Dioxins, furans and dioxin-like PCBs have been measured in individual blood or pooled serum samples from a range of regional and national biomonitoring studies in Canada (AFN, 2013; Alberta Health and Wellness, 2008; Fisher et al., 2016; Health Canada, 2010; Laird et al., 2013; Saskatchewan Ministry of Health, 2019). For most of these studies, TEQs have not been produced. However, Rawn et al. (2012) published TEQs based upon pooled serum data from Canadian Health Measures Survey (CHMS) cycle 1 (2007–2009).
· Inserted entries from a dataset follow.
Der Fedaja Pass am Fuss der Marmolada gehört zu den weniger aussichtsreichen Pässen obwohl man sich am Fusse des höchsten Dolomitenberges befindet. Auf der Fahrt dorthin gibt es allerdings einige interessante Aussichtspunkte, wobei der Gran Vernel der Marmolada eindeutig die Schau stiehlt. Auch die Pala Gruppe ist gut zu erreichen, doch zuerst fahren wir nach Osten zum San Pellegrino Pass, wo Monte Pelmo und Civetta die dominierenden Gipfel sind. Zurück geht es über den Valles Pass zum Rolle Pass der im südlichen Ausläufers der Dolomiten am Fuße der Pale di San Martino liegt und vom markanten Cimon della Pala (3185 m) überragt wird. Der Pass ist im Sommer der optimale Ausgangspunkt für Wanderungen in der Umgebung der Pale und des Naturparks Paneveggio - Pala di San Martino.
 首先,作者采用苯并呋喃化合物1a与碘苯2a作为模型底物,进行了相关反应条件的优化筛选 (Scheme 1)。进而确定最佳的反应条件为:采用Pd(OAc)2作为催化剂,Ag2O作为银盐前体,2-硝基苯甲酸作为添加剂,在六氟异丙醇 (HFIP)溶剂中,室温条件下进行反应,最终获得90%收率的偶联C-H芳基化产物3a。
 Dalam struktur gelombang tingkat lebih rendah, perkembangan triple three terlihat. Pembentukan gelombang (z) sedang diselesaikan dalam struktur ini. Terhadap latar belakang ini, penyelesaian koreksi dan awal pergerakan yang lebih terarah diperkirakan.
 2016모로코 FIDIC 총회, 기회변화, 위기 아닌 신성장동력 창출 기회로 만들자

These previously published results were generated using a different statistical approach. As a result, they are not directly comparable with the data presented in this report.
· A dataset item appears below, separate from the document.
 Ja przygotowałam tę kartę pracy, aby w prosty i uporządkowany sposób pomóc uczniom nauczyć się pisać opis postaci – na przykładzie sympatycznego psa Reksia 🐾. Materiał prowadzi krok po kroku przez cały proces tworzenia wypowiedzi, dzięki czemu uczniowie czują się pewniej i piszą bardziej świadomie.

The dioxins, furans and dioxin-like PCBs listed in Table B-1 were analyzed in pooled serum samples of CHMS participants aged 6–79 in cycle 1 and aged 3–79 in cycle 3 (2012–2013), 4 (2014–2015) and 5 (2016–2017). WHO 2005 TEF values were applied to these data to derive the TEQ values presented as pg TEQ/g lipid in Tables B-2 to B-8. These tables present TEQ values derived for the sum of dioxins; the sum of furans; the sum of dioxins and furans; the sum of mono-ortho PCBs; the sum of non-ortho PCBs; the sum of dioxin-like PCBs; and the sum of dioxins, furans and dioxin-like PCBs.
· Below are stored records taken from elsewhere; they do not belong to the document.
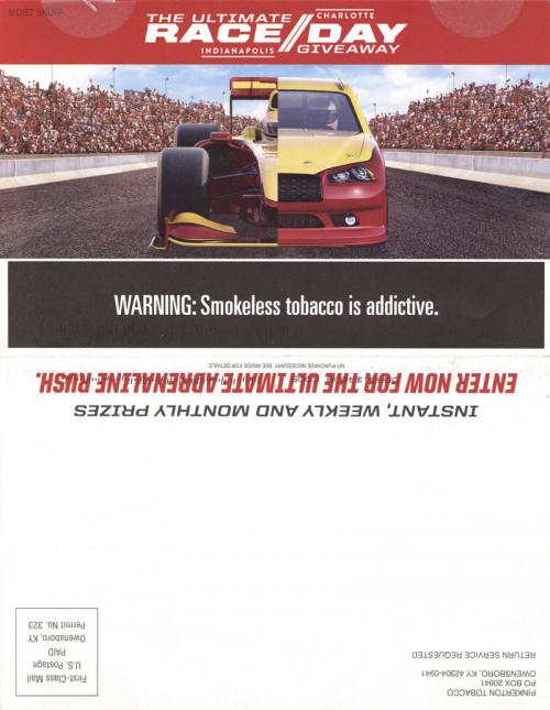 Direct mail from the Pinkerton Tobacco company in January 2017 to promote the Ultimate Race Day giveaway and remind the recipient to enter daily to win on each of the three smokeless brand websites for Red Man, Longhorn, and Timber Wolf. Includes coupons for use on any of the brands.
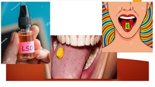 El documento proporciona información sobre diferentes tipos de alucinógenos y sus efectos. Explica que los alucinógenos como el LSD y la fenilciclidina actúan en el cerebro y pueden causar euforia, alteraciones sensoriales y cambios en el estado de ánimo. También describe los efectos a corto y largo plazo de los alucinógenos como alucinaciones y psicosis. Finalmente, analiza otras drogas como los poppers y sus sales de baño, detallando sus usos recreacionales, efectos
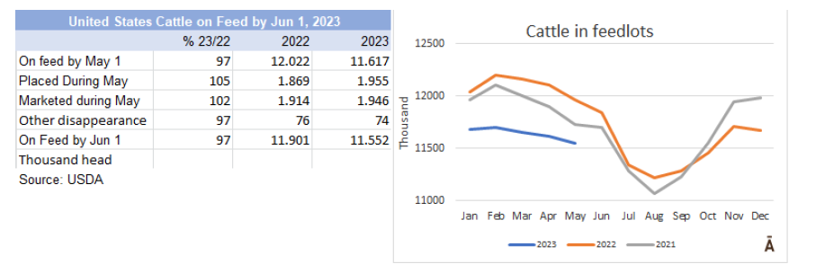 2023年6月1日,產(chǎn)能在1000頭以上的飼育場中的牛群總數(shù)為1160萬頭,比去年同期下降3%。5月份的投放量為196萬頭,比2022年高出5%。市場銷售總量為195萬頭,比去年高2%。
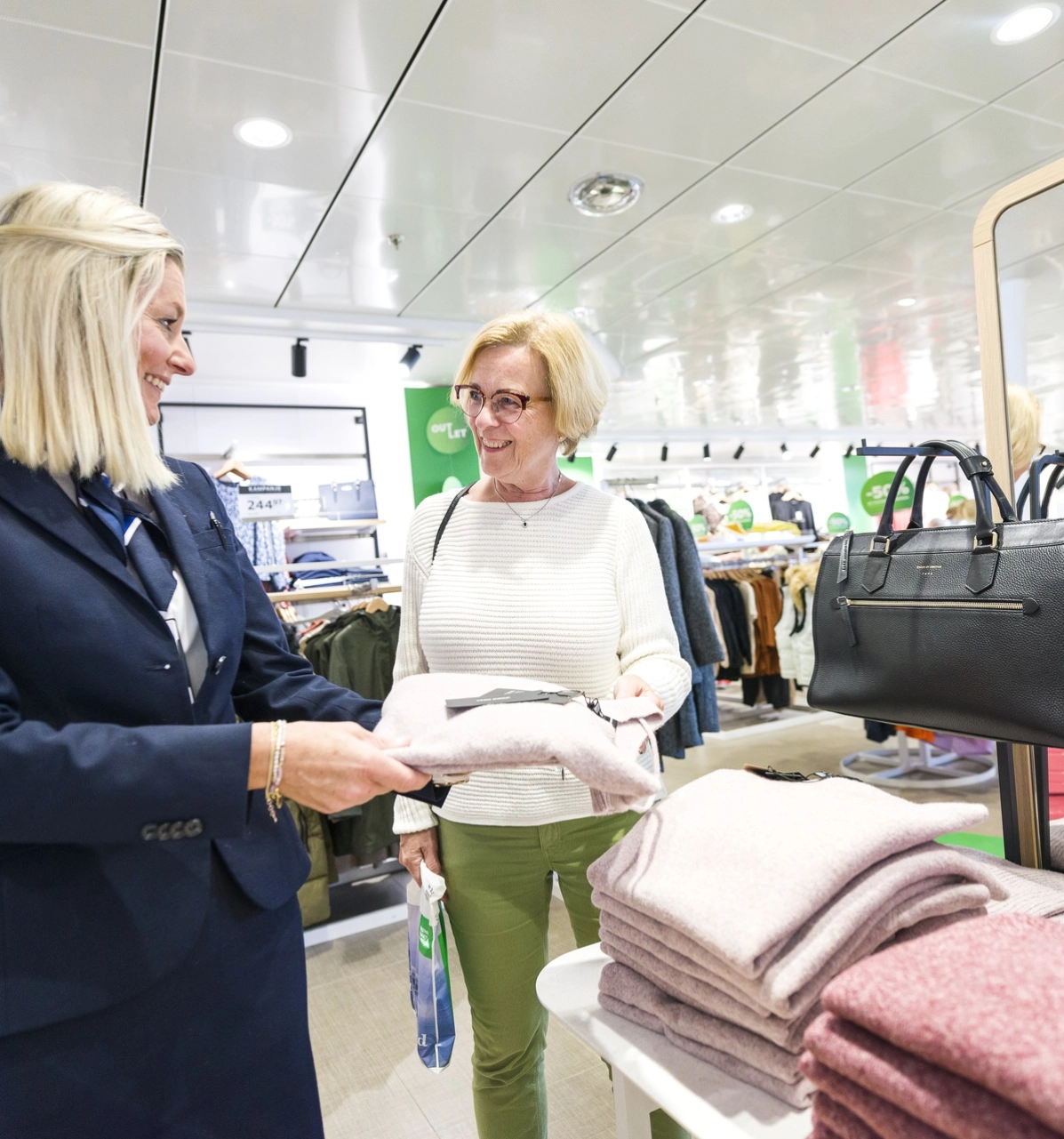 Om bord har vi flere ulike butikkonsepter, som blant annet parfyme, fashionshop og taxfree. Som butikkekspeditør jobber du i et miljø med høyt tempo, spennende utfordringer og mye kundekontakt. Vi har tatt en prat med Kairi, en av våre butikkekspeditører, om hvordan det er å jobbe om bord.

The data tables include the number of pools, minimum and maximum concentrations, the weighted arithmetic mean concentrations, and the coefficients of variation associated with the arithmetic means. TEQs are calculated for each pool, and the results are presented for the total population as well as by sex and age group. Measurements for individual compounds that fell below the LOD for the laboratory analytical method were assigned a value equal to half the LOD. In addition, pools with missing data due to sample loss were assigned a value equal to the weighted mean of available results for the age/sex group that the missing pool represented. These imputed values were used to calculate the TEQs. As imputation impacts variance estimation, additional caution should be exercised when interpreting the CV for TEQs derived based upon imputed data.

Table B-2
Toxic equivalents (TEQs) for dioxins — Arithmetic mean, minimum and maximum TEF adjusted pooled serum concentrations (pg TEQ/g lipid) for the general population from the Canadian Health Measures Survey (2007–2017)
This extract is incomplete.